16 Replies Latest reply on Sep 22, 2011 1:48 AM by Ritika

    Setting up trigger condition for an alarm

    Ritika

      We are using solarwinds orion for network monitoring. We have set up orion to forward certain key alerts to another management system. We have this requirement for setting up rule for interface errors and discards:
      1.Monitor the error/discard increment for an interface for every 15 min .... That is, Orion should be able to keep track of the increase in error/discard for every 15 minutes....Set up a threshold level for errors/discards increase
      2. Suppose if the threshold is crossed for first 15 min, dont send alert from orion to our management system....Keep observing the increments for every 15 min and only send alarm to the management system when the threshold is crossed 3 times continuously....

      For example , suppose the 15 minute threshold is 1000.... From 1-1.15 pm, Orion observed an increment of 1500 in interface errors...It wont send alarm now.. It should observe for next 15 min... In that time, increment is 1200...In third 15 min interval, increment is 1300....Now solarwinds forwards the alrm to the management system..

      Can this be done? If yes, I would like to know the step-by-step procedure.

      Thanks,
      Ritika

        • Re: Setting up trigger condition for an alarm
          Andy McBride

          The ability to alert by number of occurrences per time period is an open feature enhancement request. What you can do is specify how often you wish to check a value. This Technical Reference and the Administrator Guide have the details on how alerts work and how to set them up.

            • Re: Setting up trigger condition for an alarm
              Ritika

              Hi Mcbridea,

              Thanks for your response.

              I have looked through the technical reference and admin guide for setting up alerts. however, we have a very specific requirement for errors/discards alerting ( as also given in the previous post). Please refer to that again.

              In the Orion database, I saw that we have dbo.InterfaceErrors_Detail, dbo.InterfaceErrors_Hourly and dbo.InterfaceErrors_Daily tables. I believe that the data in InterfaceErrors_Hourly table is derived from the data in InterfaceErrors_Detail table. If yes, could you tell me how the data is gathered from former and put into latter? I was also trying to find out at what intervals the data is put up in InterfaceErrors_Detail table, but could not find any specific pattern. Please tell me at what exact time intervals we are putting the data in the Details table. There is no fixed time interval after which a row is put in InterfaceErrors_Detail table.

              If you need further details about the issue, please let me know your email Id, I will send you the details.

              Thanks,

              ritika

                • Re: Setting up trigger condition for an alarm
                  Nandish

                  Log into the GUI and click 'settings' on the right top corner of the home page.Then select the 'Polling settings' option from the list.

                  You should see the Orion Polling settings page up on the screen which has all the information you wanted to know.
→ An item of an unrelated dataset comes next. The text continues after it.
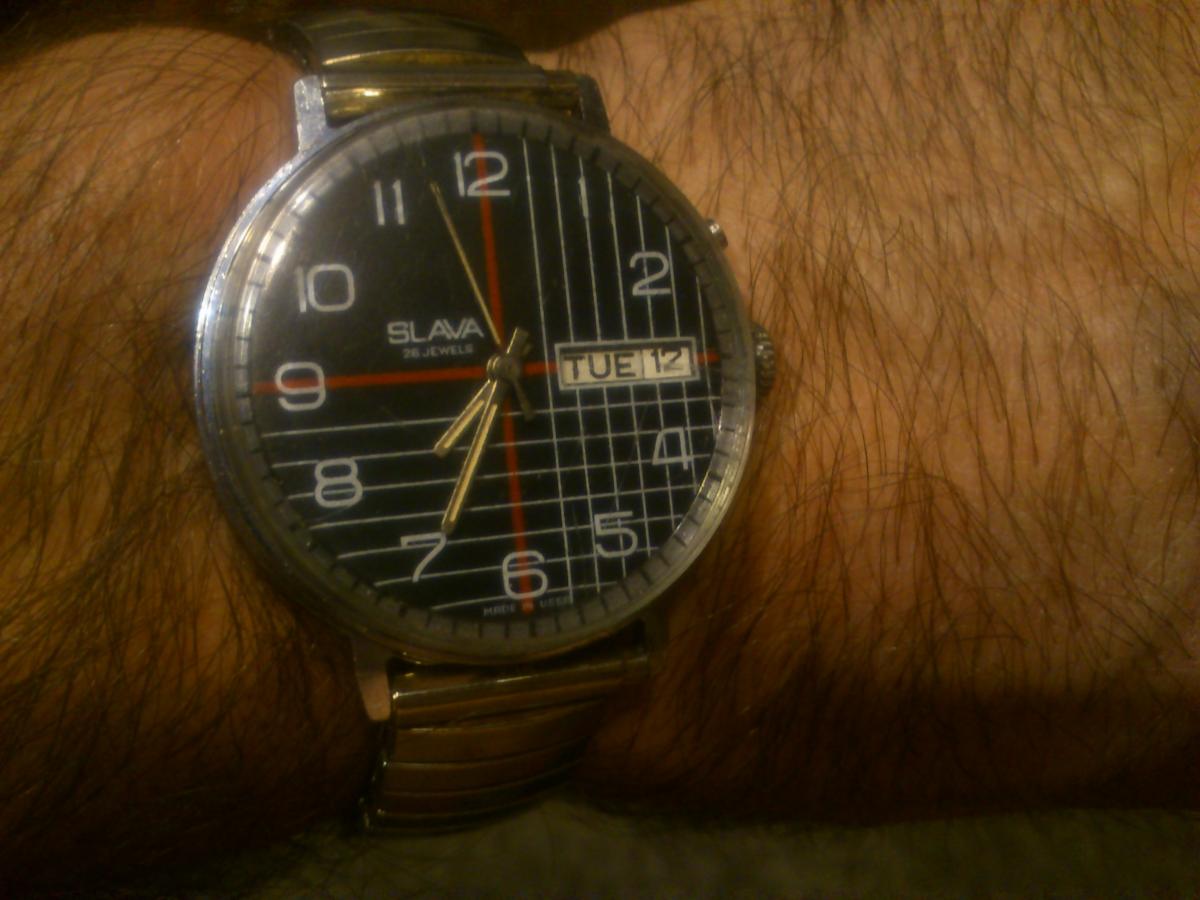 Łej tam przybrudzony i porysowany... Jest ładny, dobry stan!  ;) Miły zegarmistrz ci szlifnie szkło nawet za darmo i będzie elegansio :) Koperta jest w niezłym stanie(że o tarczy nie wspomnę) Choć jest chromowana, to ją delikatnie też można wyszlifować :)

                  The "Polling Statistics Intervals" defines the how often the data collection should occur on a Device/Interface/Volume.Basically data collection starts right here,entering data in the XXXXX.details table.

                  And then the data in the XXXXX.Details table gets aggregated to XXXXX.Hourly table.Finally data from XXXXX.Hourly table gets aggregated to XXXXX.Daily table.

                  For example,we have a new interface added to Orion.After successful discovery,data collection is initiated.It starts filling the XXXXX.detail table according to the Polling interval.Say we have 10mins.As soon as we have 6 entries in the XXXXX.Details table,it should start aggregating this data and making its first entry in the XXXXX.hourly table.Similarly as soon as the XXXXX.Hourly table has 24 entries,it should start aggregating this data and making its first entry in the XXXXX.Daily table.

                  Then the data retention on each table discussed above totally depends on the "Database settings",in other words the retention time set for each statistics.Check for the "Detailed/Hourly/Daily statistics Retention" settings.

                    • Re: Setting up trigger condition for an alarm
                      Ritika

                      Hi Nandish,

                      Thanks for making it clear.

                      Just to give you an example, this is what we want to achieve:

                      Suppose we set up a threshold for errors/discards as 1000 ( for a 15-min interval).

                       

                      First observation, 1 – 1.15 pm ,     errors + discards = 800 ( below threshold, no worry )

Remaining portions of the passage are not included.